Archive for August, 2011

A new case on cardiac arrhythmia

Posted in Heart/Lung Bill on August 26, 2011 by leslie@lawyertampa

MICHAEL LeBLANC, Appellant, v. CITY OF WEST PALM BEACH and JOHNS EASTERN COMPANY, Appellees.
CASE NO. 1D10-6321
COURT OF APPEAL OF FLORIDA, FIRST DISTRICT
PER CURIAM.

In this workers’ compensation appeal, Claimant, a firefighter, challenges an order of the Judge of Compensation Claims (JCC) that finds that his Employer and its workers’ compensation carrier (the E/C) introduced sufficient evidence to establish a non-occupational cause of his cardiac arrhythmia. Claimant argues that testimony establishing that the cause of Claimant’s condition was unknown was insufficient to demonstrate that the condition, in fact, had a non-industrial cause. We agree and reverse.

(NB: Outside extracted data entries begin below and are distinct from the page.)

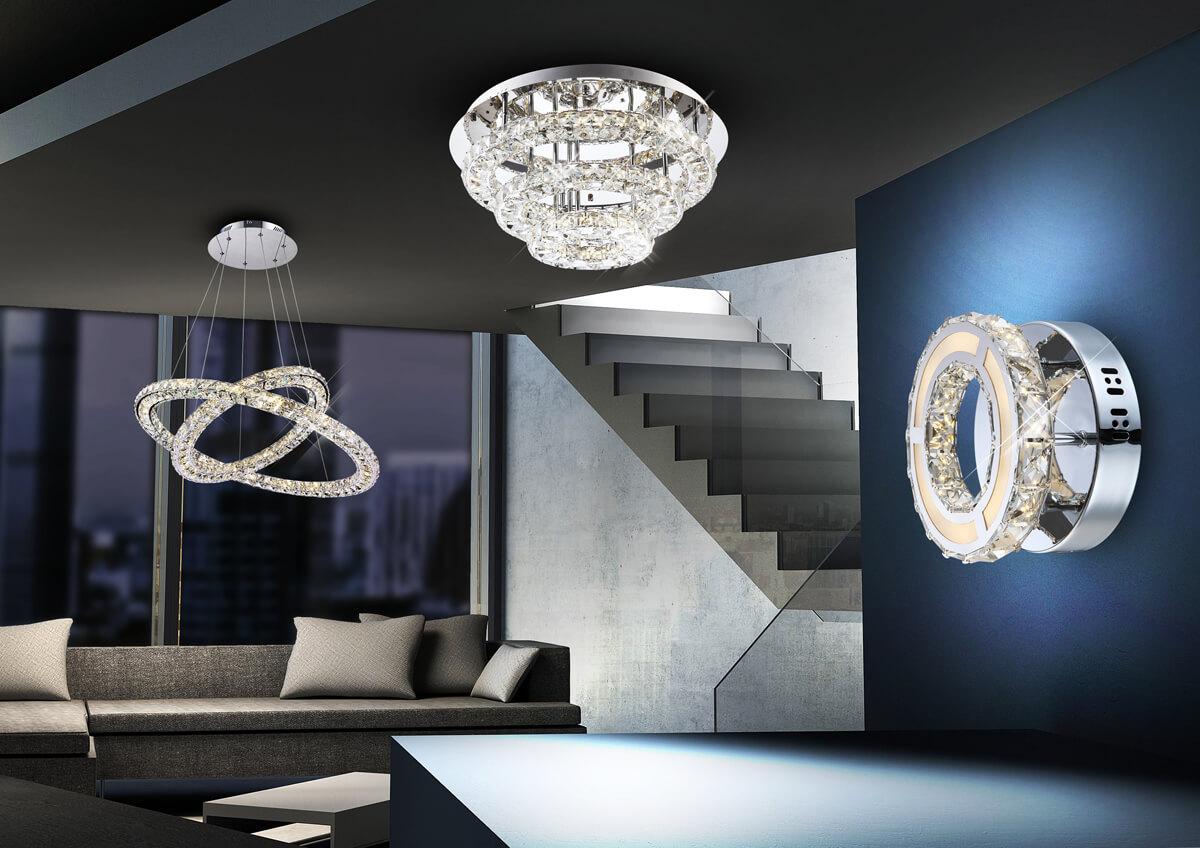 Подвесной светодиодный светильник Globo Marilyn I 67037-60 от Китайского бренда Globo из коллекции Marilyn I предназначен для установки на потолок в гостиной в дизайнерском стиле. Cветильник в форме с металлической арматурой цвет хрома и прозрачного цвета плафонами из хрусталя предназначен для освещения м2.
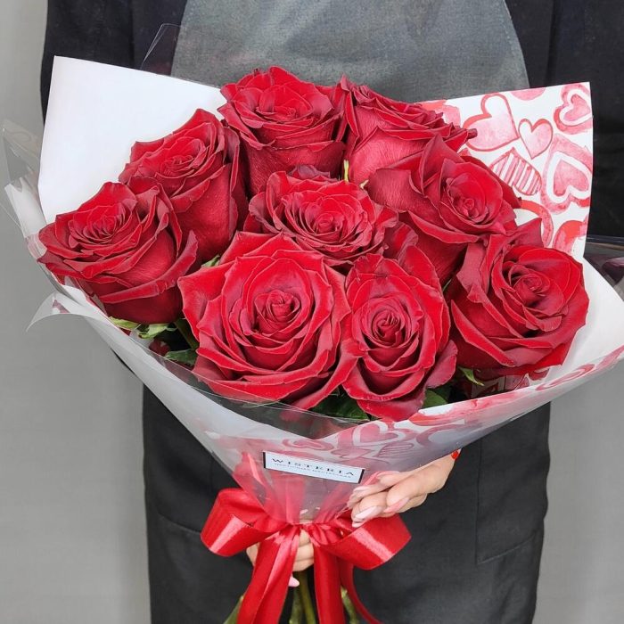 Лента атласная – 1 шт.Упаковка дизайнерская – 1 шт.Роза одноголовая эквадор – 9 шт.
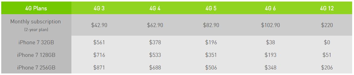 The new Apple 32GB iPhone 7 costs $561 with a 4G 3 plan, which gives subscribers 150 minutes outgoing call time and 3GB of data at $42.90 a month.
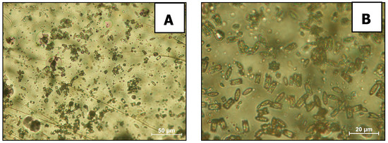Optical image of CaOx crystals grown in polystyrene films sulphonated and diazotated with aniline. Low at 40× (A) and high at 100× (B) magnifications.
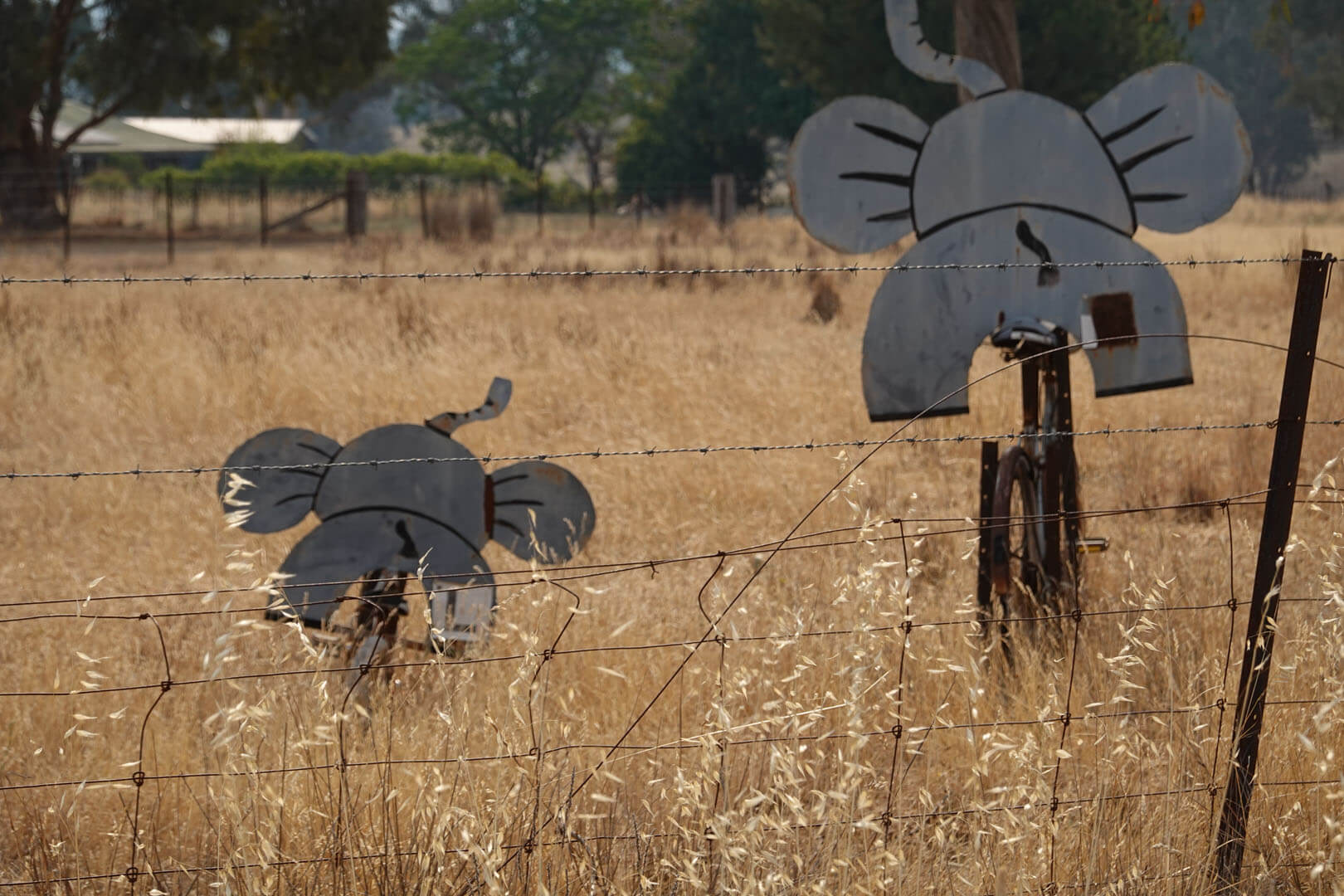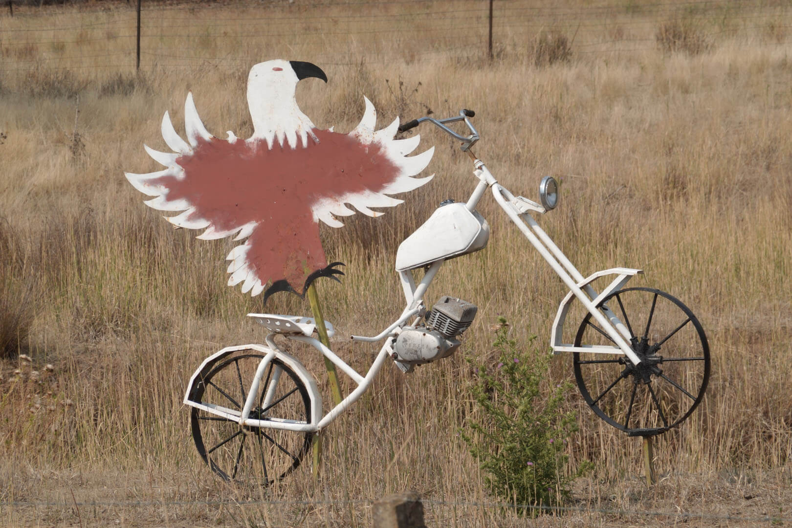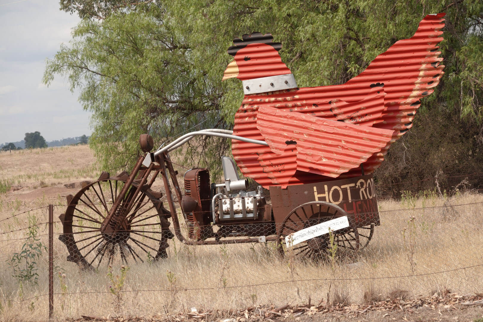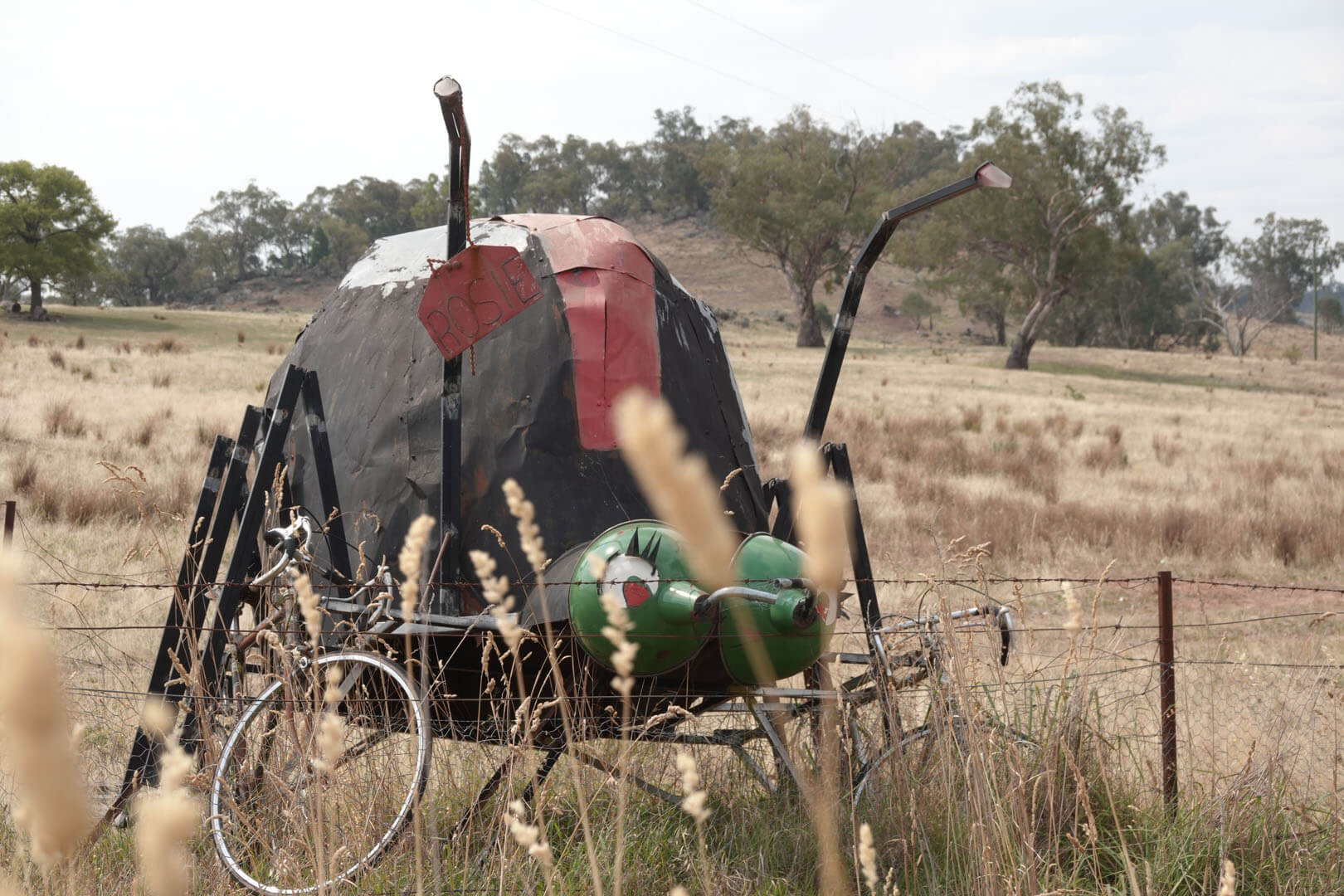 Country folk are remarkable. I travelled halfway around the world with my mate Charlie, who comes from Big Jack’s Creek near Willow Tree above the Hunter, in New South Wales. Charlie is a very good example of the “Number 8 Wire Mechanic”, the bloke who can fix just about anything with a length of rusty, abandoned fencing wire. Out in the Central Western Slopes and Plains, they’ve taken that one step further. They’ve lined their paddocks with animals made from the equivalent of No. 8 wire, and not just animals but animals riding their preferred form of transport as well. These animals along the Obley Road out in the Orana are almost all… on bikes.
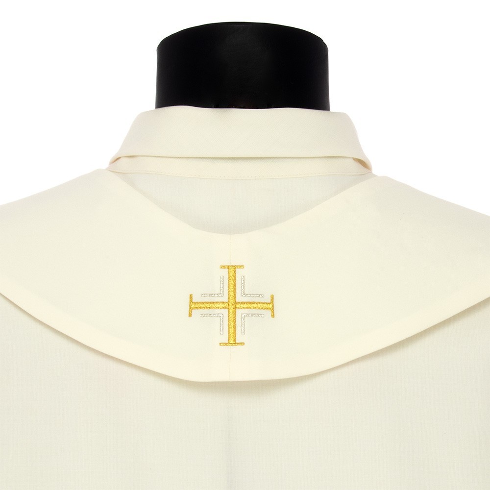 Priestly stole with custom machine embroidery, made of fresh and breathable polyester fabric.
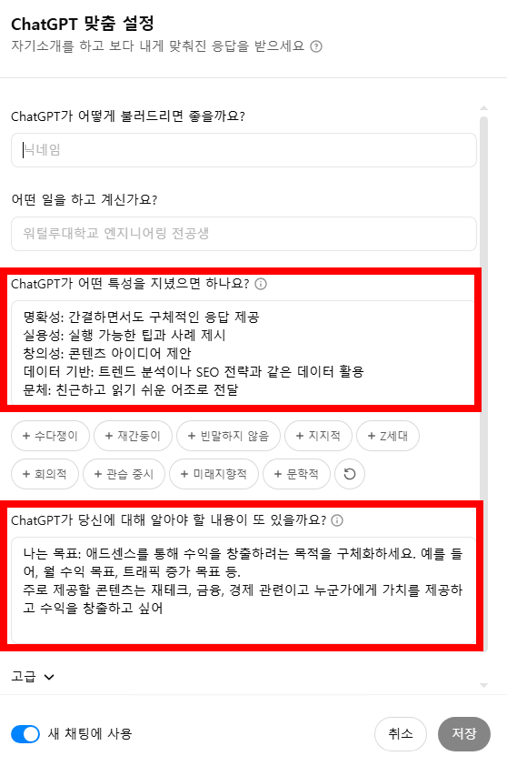 👉 ChatGPT에게 “내가 누구인지, 어떤 답변을 원하는지” 미리 알려주는

Here, there is no dispute that Claimant established the legal conditions for the operation of the presumption found in section 112.18(1), rendering his cardiac arrhythmia work-related and, thus, compensable under the Workers’ Compensation Law — unless sufficiently rebutted by the introduction of evidence establishing a non-industrial cause. See Punsky v. Clay County Sheriff’s Office, 18 So. 3d 577, 583 (Fla. 1st DCA 2009).  The medical evidence accepted as credible by the JCC established that the sufficient cause of Claimant’s condition was unknown; Claimant could have developed the condition notwithstanding his occupation; and, “mechanistically,” the condition is caused by an electrical defect in the cells of the heart. From this, the JCC concluded that the E/C sufficiently established a non-occupational cause of Claimant’s condition.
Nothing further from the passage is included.